**WORK REQUIRED**
Without the pictures, set down every record below exactly as it reads.

(Dataset entries)
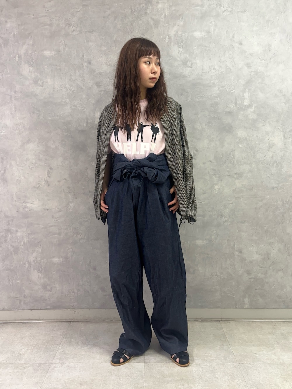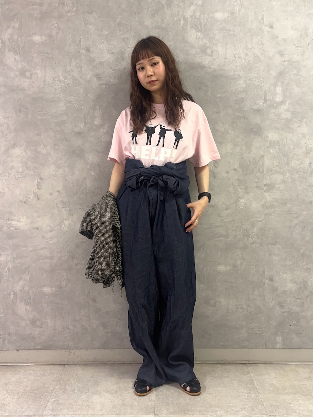 オールインワンは1枚で着るだけでなく、腰巻きにすると色々なトップスとの合わせを楽しめるのでおすすめです!
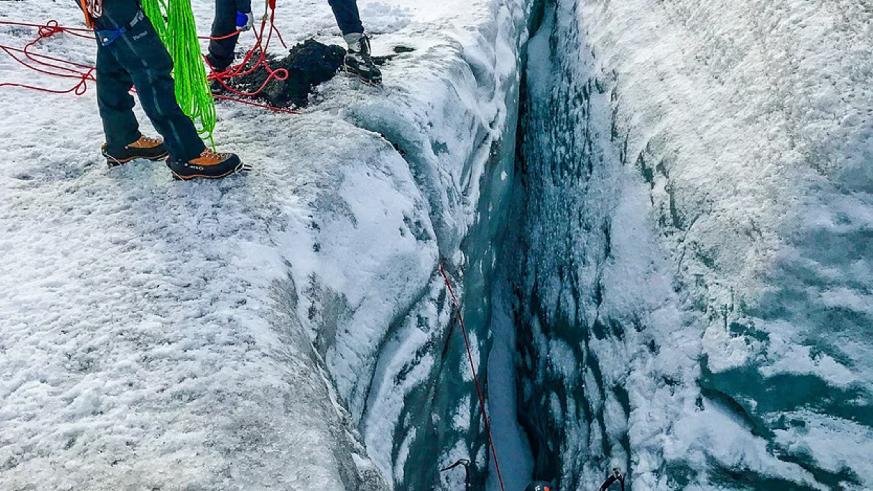 探险者在惊心动魄的冰岛冰川探险中穿越深深的裂缝
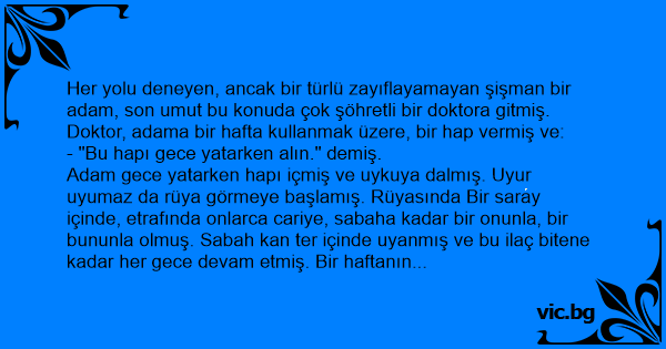 Adam gece yatarken hapı içmiş ve uykuya dalmış. Uyur uyumaz da rüya görmeye başlamış. Rüyasında Bir saray içinde, etrafında onlarca cariye, sabaha kadar bir onunla, bir bununla olmuş. Sabah kan ter içinde uyanmış ve bu ilaç bitene kadar her gece devam etmiş. Bir haftanın sonunda, adama bütün fazla kilolarından kurtulmuş. Günler sonra yolda, kendisi gibi zayıflayamayan bir arkadaşı ile karşılaşmışlar. Arkadaşı nasıl bu kadar hızla zayıfladığını sorduğunda, doktorun ismini vermiş. Arkadaşı da aynı doktora giderek ilaç almış ve gece yatarken içmeye başlamış. İlk gece, adam rüyasında bir sarayda, etrafında onlarca zenci, adamı bir o yatırıyor, bir bu. Adamı mahvetmişler. Bu durum ilaç bitene kadar devam etmiş. Adam sonunda dayanamamış ve arkadaşına telefon etmiş:
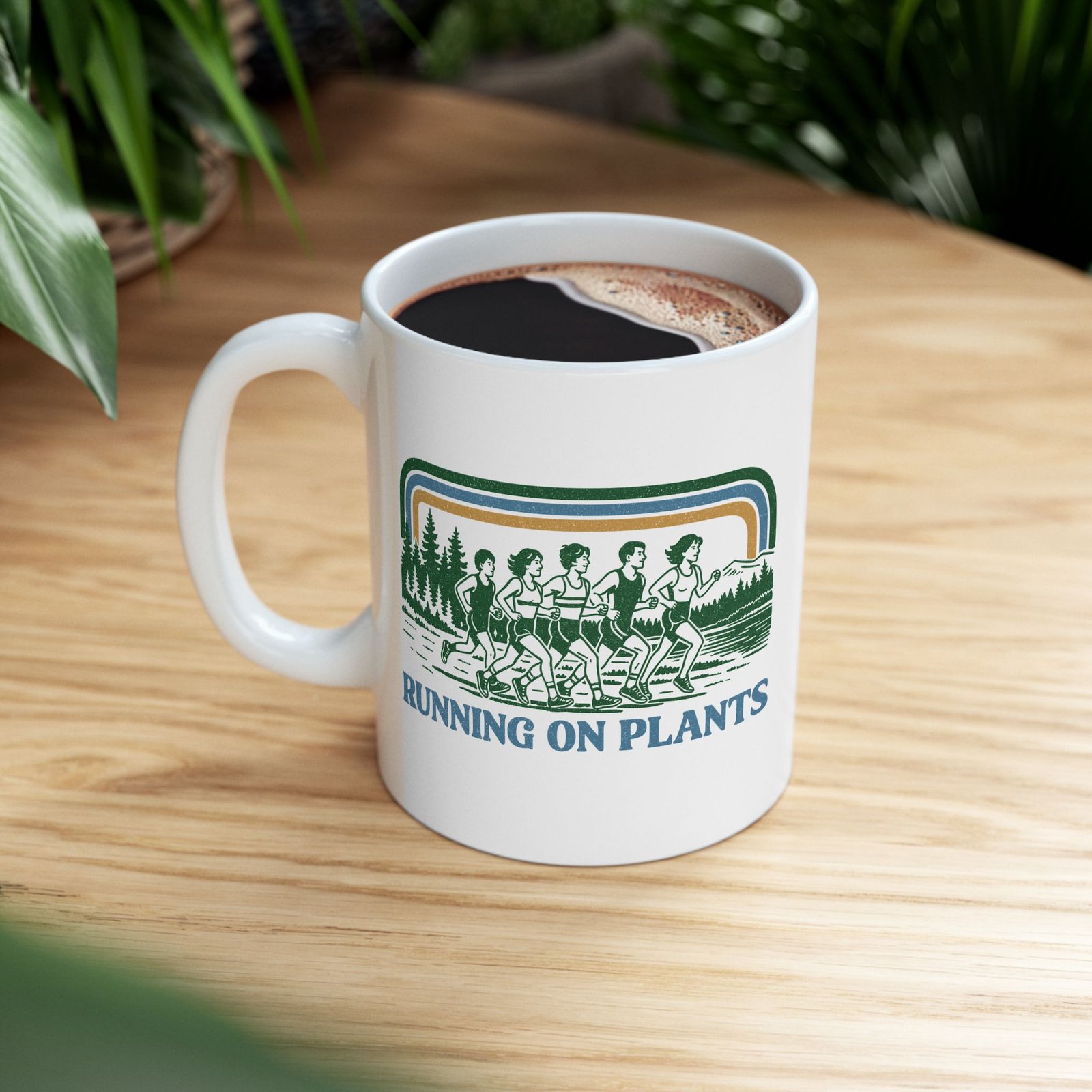 Fuel your mornings the plant-powered way with this Running on Plants retro runner mug. Featuring runners in 80s athletic gear, retro stripes, and distressed vintage print, this mug is perfect for vegans, athletes, and coffee lovers who like to start their day strong.
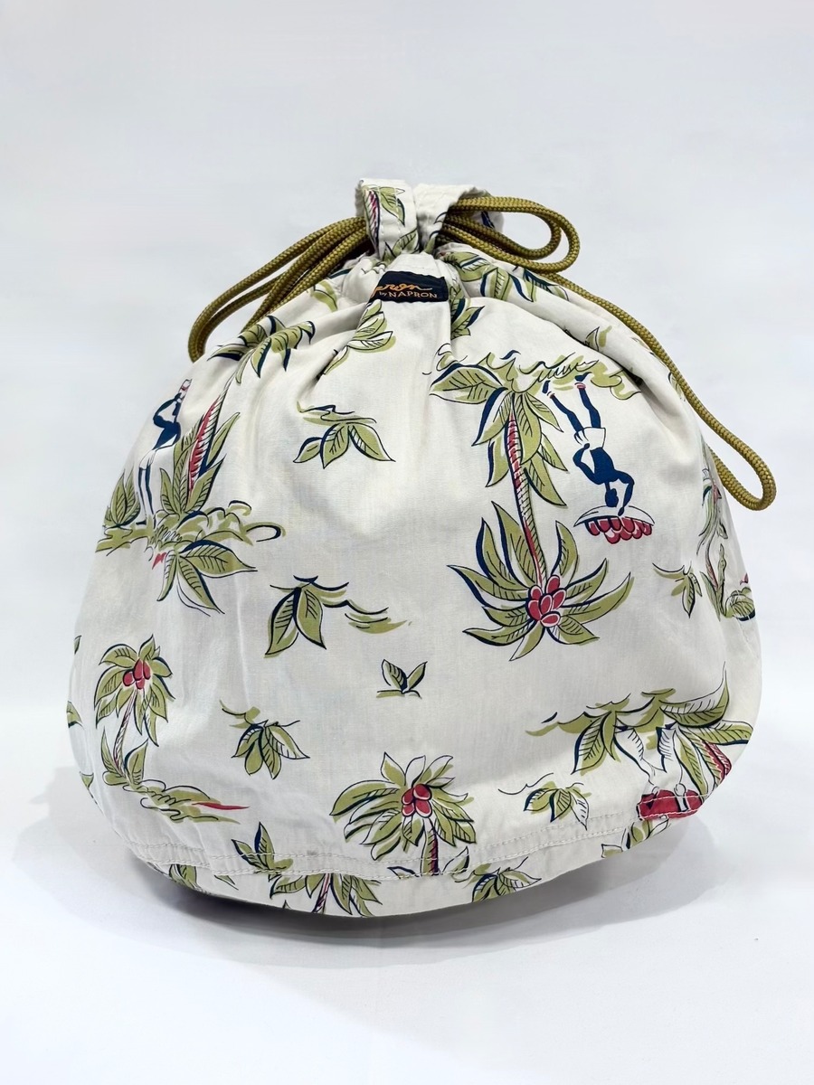 ヴィンテージのアロハシャツからインスパイアされた夏らしさ満載の生地を使用したブランド定番型の巾着バッグです。
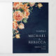 Convite Com Dobra Tripla Rustic Earthy Floral Código QR Casamento Marinho
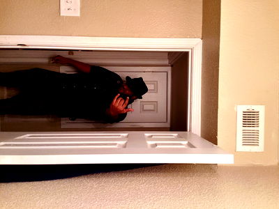 The man is standing in front of a mirror in an apartment hallway. He is holding a phone and making a face, capturing the moment for his OnlyFans audience.
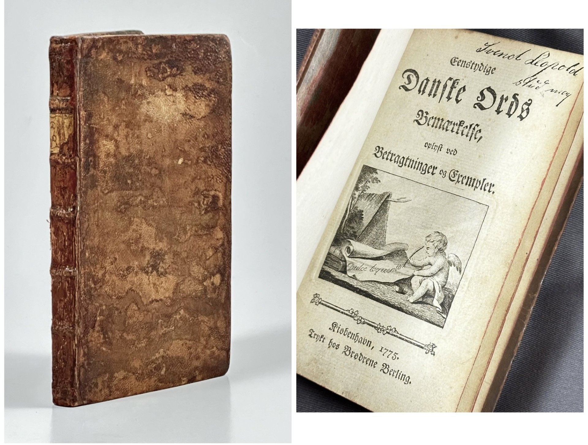Trykt hos Brødrene Berling, København 1775. Lille 8vo. På skrivepapir. (8)+98+(4) sider. Kobberstukket vignet på titelbladet. Samt. helbind af brunmarmoreret kalveskind. Navn (Svend Leopold, Stud. mag.) øverst på titelbladet. Udvendige false slidt.
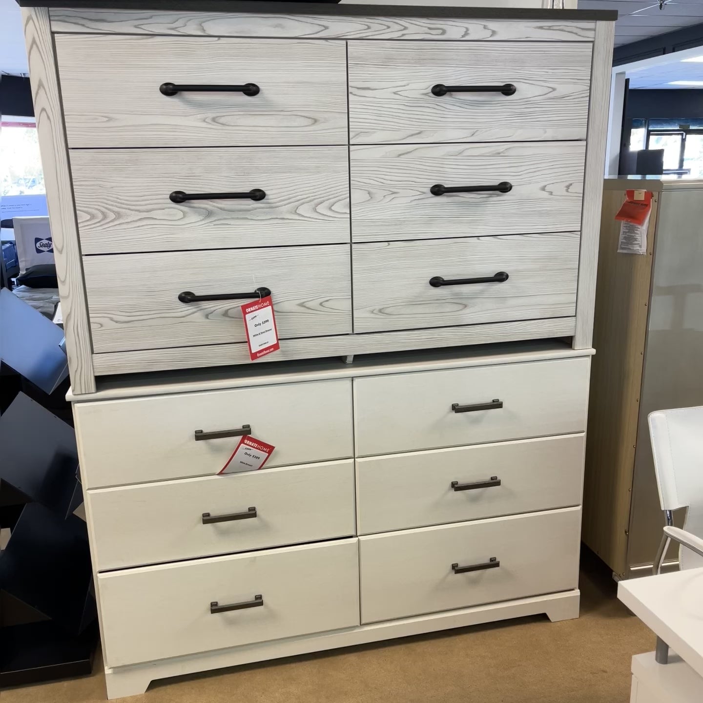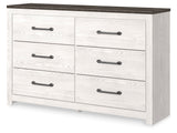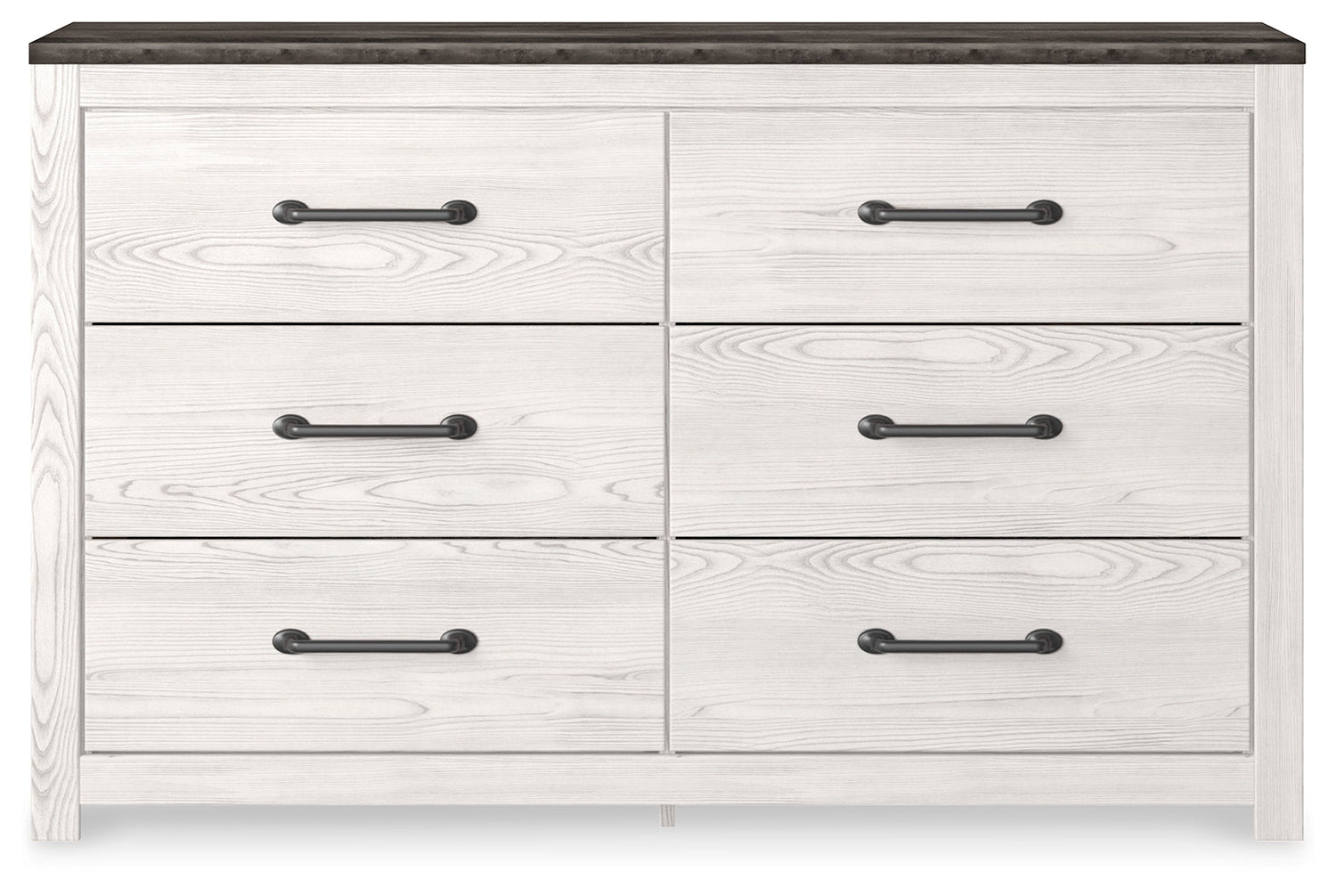 Cool, clean and casually modern. This dresser’s wispy whitewash and gray finish sets the tone for your calming sanctuary. Large linear pulls add dimension and authenticity. Six smooth-gliding drawers neatly accommodate your wardrobe needs.
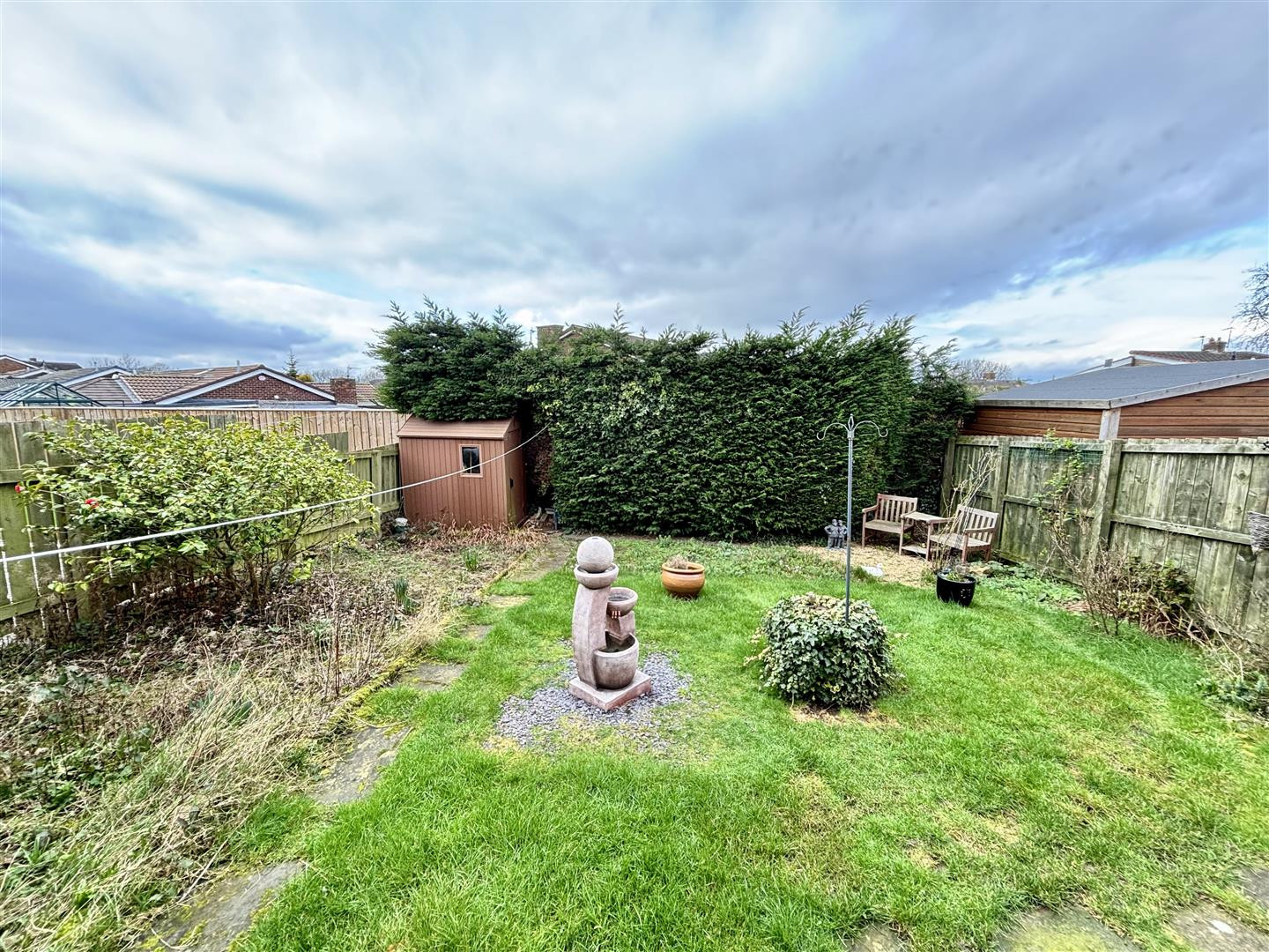To the front of the property is a garden and a driveway for off street parking with electric car charging point, whilst to the rear is an enclosed, west facing lawned garden with patio area and shed.
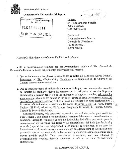 La construcción de urbanizaciones en la zona centro y sur de Espinardo sin el estudio hidrológico previo, tal y como ordena el Plan General Urbano de Murcia, y sin la construcción del interceptor de pluviales previsto, es una temeridad de la que deben responder los políticos que las autorizaron.
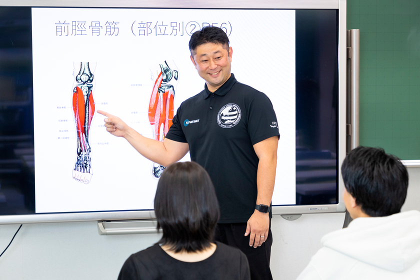 理学療法(リハビリテーション)の一つである運動療法では、ウォーキングや筋力トレーニング等の運動によって、症状の改善や予防を図ります。その中で私が専門としているのは、筋力強化の運動療法。運動器、脳血管、心大血管、呼吸器のすべてのリハビリで使用できる手技であり、科学的根拠にも基づいています。そこに運動の機能をサポートする「テーピング」や、心肺機能を強化する「心臓リハビリ」を組み合わせることにより、レベルの高いリハビリを行えると考えています。こうした運動療法の知識・技術は、高齢化や病気、怪我による運動能力低下を予防するだけではなく、スポーツ分野でのパフォーマンス向上にもつながります。授業でこれらの知識・技術を提供することで、幅広いフィールドで活躍できる理学療法士を目指して欲しいと願っています。
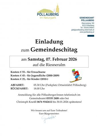 Einladung zum Gemeindeschitag am Samstag, 07. Februar 2026 auf die Riesneralm
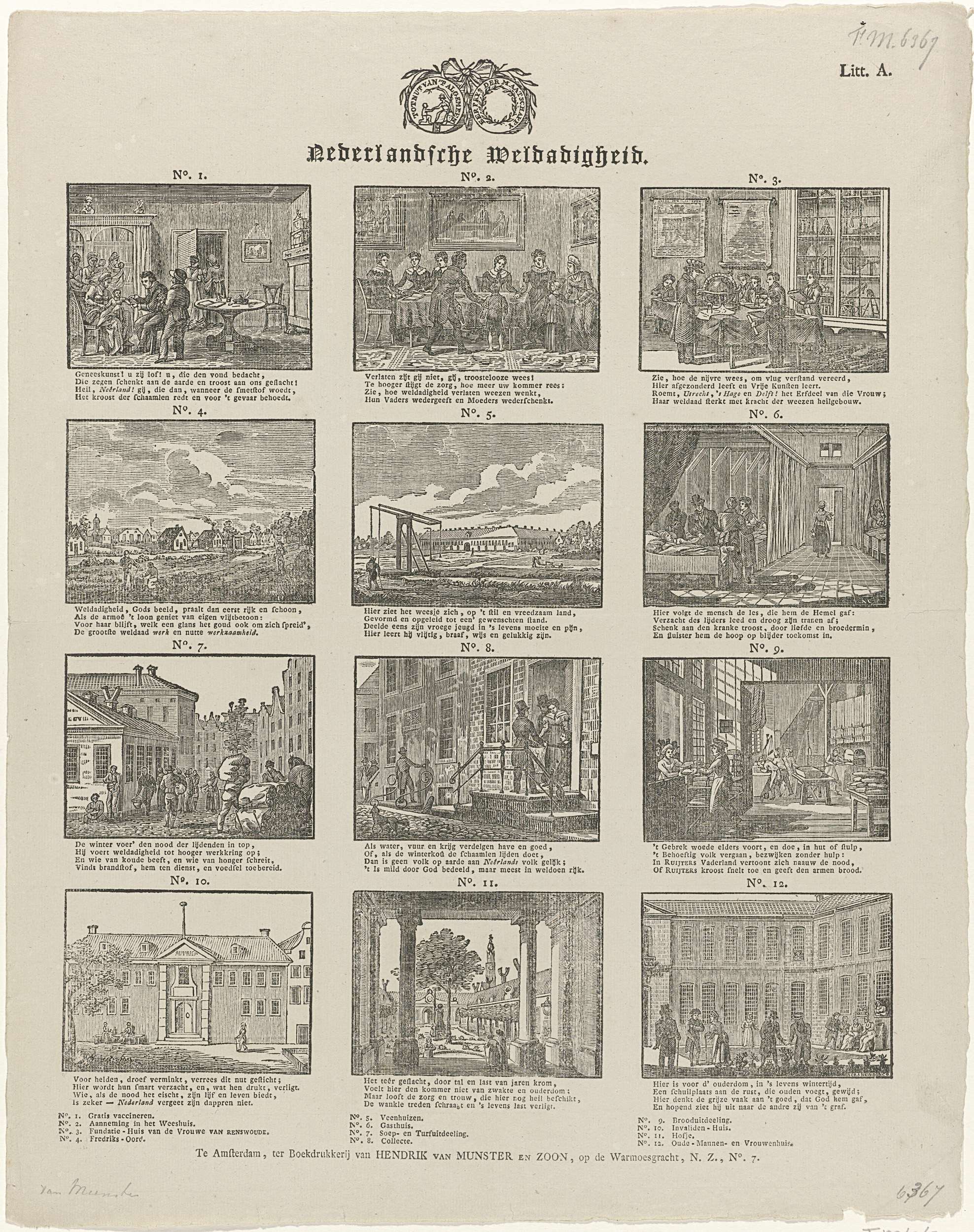 Blad met twaalf voorstellingen van liefdadigheidswerk in Nederland. De plaatjes genummerd 1-12. Onder elk plaatje een vierregelig versje. Voorzien van het zegel van de Maatschappij Tot Nut van 't Algemeen. Genummerd rechtsboven: Litt. A. Ca. 1840-1900.
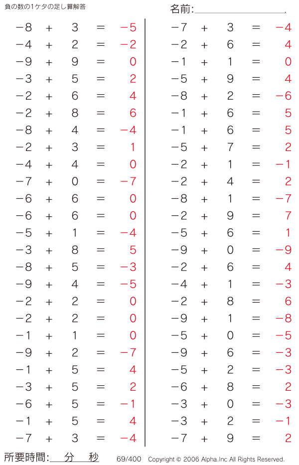 上記のボタンから「負の数の1ケタの足し算」の算数数学ドリル・計算ドリル(PDFプリント)がダウンロードできます。個人利用は無料です(家庭以外での配布は有料です)。
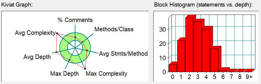 在该分析图中也可以发现,方法数/类数的比例过高:检查代码后发现,有部分原因是由于在每一个类中,每一个属性都设置了get和set方法,而其中有许多的get或者set并没有被使用,因此导致方法/类比例偏高,平均复杂度和深度也因此被拉低了一些,也导致了每个方法的平均语句偏低。
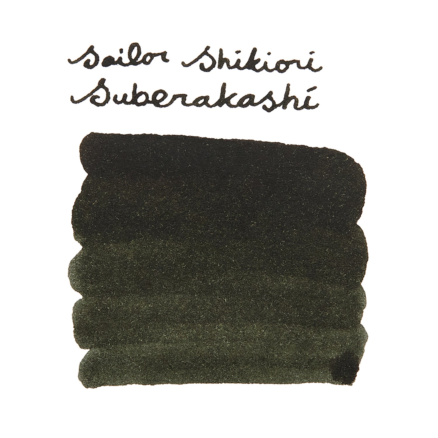 2ml sample of Sailor Shikiori Suberakashi (Princess' Headdress), a dark black-green fountain pen ink, in a labeled plastic vial.

**TASK SOLUTION**
 オールインワンは1枚で着るだけでなく、腰巻きにすると色々なトップスとの合わせを楽しめるのでおすすめです!
 探险者在惊心动魄的冰岛冰川探险中穿越深深的裂缝
 Adam gece yatarken hapı içmiş ve uykuya dalmış. Uyur uyumaz da rüya görmeye başlamış. Rüyasında Bir saray içinde, etrafında onlarca cariye, sabaha kadar bir onunla, bir bununla olmuş. Sabah kan ter içinde uyanmış ve bu ilaç bitene kadar her gece devam etmiş. Bir haftanın sonunda, adama bütün fazla kilolarından kurtulmuş. Günler sonra yolda, kendisi gibi zayıflayamayan bir arkadaşı ile karşılaşmışlar. Arkadaşı nasıl bu kadar hızla zayıfladığını sorduğunda, doktorun ismini vermiş. Arkadaşı da aynı doktora giderek ilaç almış ve gece yatarken içmeye başlamış. İlk gece, adam rüyasında bir sarayda, etrafında onlarca zenci, adamı bir o yatırıyor, bir bu. Adamı mahvetmişler. Bu durum ilaç bitene kadar devam etmiş. Adam sonunda dayanamamış ve arkadaşına telefon etmiş:
 Fuel your mornings the plant-powered way with this Running on Plants retro runner mug. Featuring runners in 80s athletic gear, retro stripes, and distressed vintage print, this mug is perfect for vegans, athletes, and coffee lovers who like to start their day strong.
 ヴィンテージのアロハシャツからインスパイアされた夏らしさ満載の生地を使用したブランド定番型の巾着バッグです。
 Convite Com Dobra Tripla Rustic Earthy Floral Código QR Casamento Marinho
 The man is standing in front of a mirror in an apartment hallway. He is holding a phone and making a face, capturing the moment for his OnlyFans audience.
Trykt hos Brødrene Berling, København 1775. Lille 8vo. På skrivepapir. (8)+98+(4) sider. Kobberstukket vignet på titelbladet. Samt. helbind af brunmarmoreret kalveskind. Navn (Svend Leopold, Stud. mag.) øverst på titelbladet. Udvendige false slidt.
 Cool, clean and casually modern. This dresser’s wispy whitewash and gray finish sets the tone for your calming sanctuary. Large linear pulls add dimension and authenticity. Six smooth-gliding drawers neatly accommodate your wardrobe needs.
To the front of the property is a garden and a driveway for off street parking with electric car charging point, whilst to the rear is an enclosed, west facing lawned garden with patio area and shed.
 La construcción de urbanizaciones en la zona centro y sur de Espinardo sin el estudio hidrológico previo, tal y como ordena el Plan General Urbano de Murcia, y sin la construcción del interceptor de pluviales previsto, es una temeridad de la que deben responder los políticos que las autorizaron.
 理学療法(リハビリテーション)の一つである運動療法では、ウォーキングや筋力トレーニング等の運動によって、症状の改善や予防を図ります。その中で私が専門としているのは、筋力強化の運動療法。運動器、脳血管、心大血管、呼吸器のすべてのリハビリで使用できる手技であり、科学的根拠にも基づいています。そこに運動の機能をサポートする「テーピング」や、心肺機能を強化する「心臓リハビリ」を組み合わせることにより、レベルの高いリハビリを行えると考えています。こうした運動療法の知識・技術は、高齢化や病気、怪我による運動能力低下を予防するだけではなく、スポーツ分野でのパフォーマンス向上にもつながります。授業でこれらの知識・技術を提供することで、幅広いフィールドで活躍できる理学療法士を目指して欲しいと願っています。
 Einladung zum Gemeindeschitag am Samstag, 07. Februar 2026 auf die Riesneralm
 Blad met twaalf voorstellingen van liefdadigheidswerk in Nederland. De plaatjes genummerd 1-12. Onder elk plaatje een vierregelig versje. Voorzien van het zegel van de Maatschappij Tot Nut van 't Algemeen. Genummerd rechtsboven: Litt. A. Ca. 1840-1900.
 上記のボタンから「負の数の1ケタの足し算」の算数数学ドリル・計算ドリル(PDFプリント)がダウンロードできます。個人利用は無料です(家庭以外での配布は有料です)。
 在该分析图中也可以发现,方法数/类数的比例过高:检查代码后发现,有部分原因是由于在每一个类中,每一个属性都设置了get和set方法,而其中有许多的get或者set并没有被使用,因此导致方法/类比例偏高,平均复杂度和深度也因此被拉低了一些,也导致了每个方法的平均语句偏低。
 2ml sample of Sailor Shikiori Suberakashi (Princess' Headdress), a dark black-green fountain pen ink, in a labeled plastic vial.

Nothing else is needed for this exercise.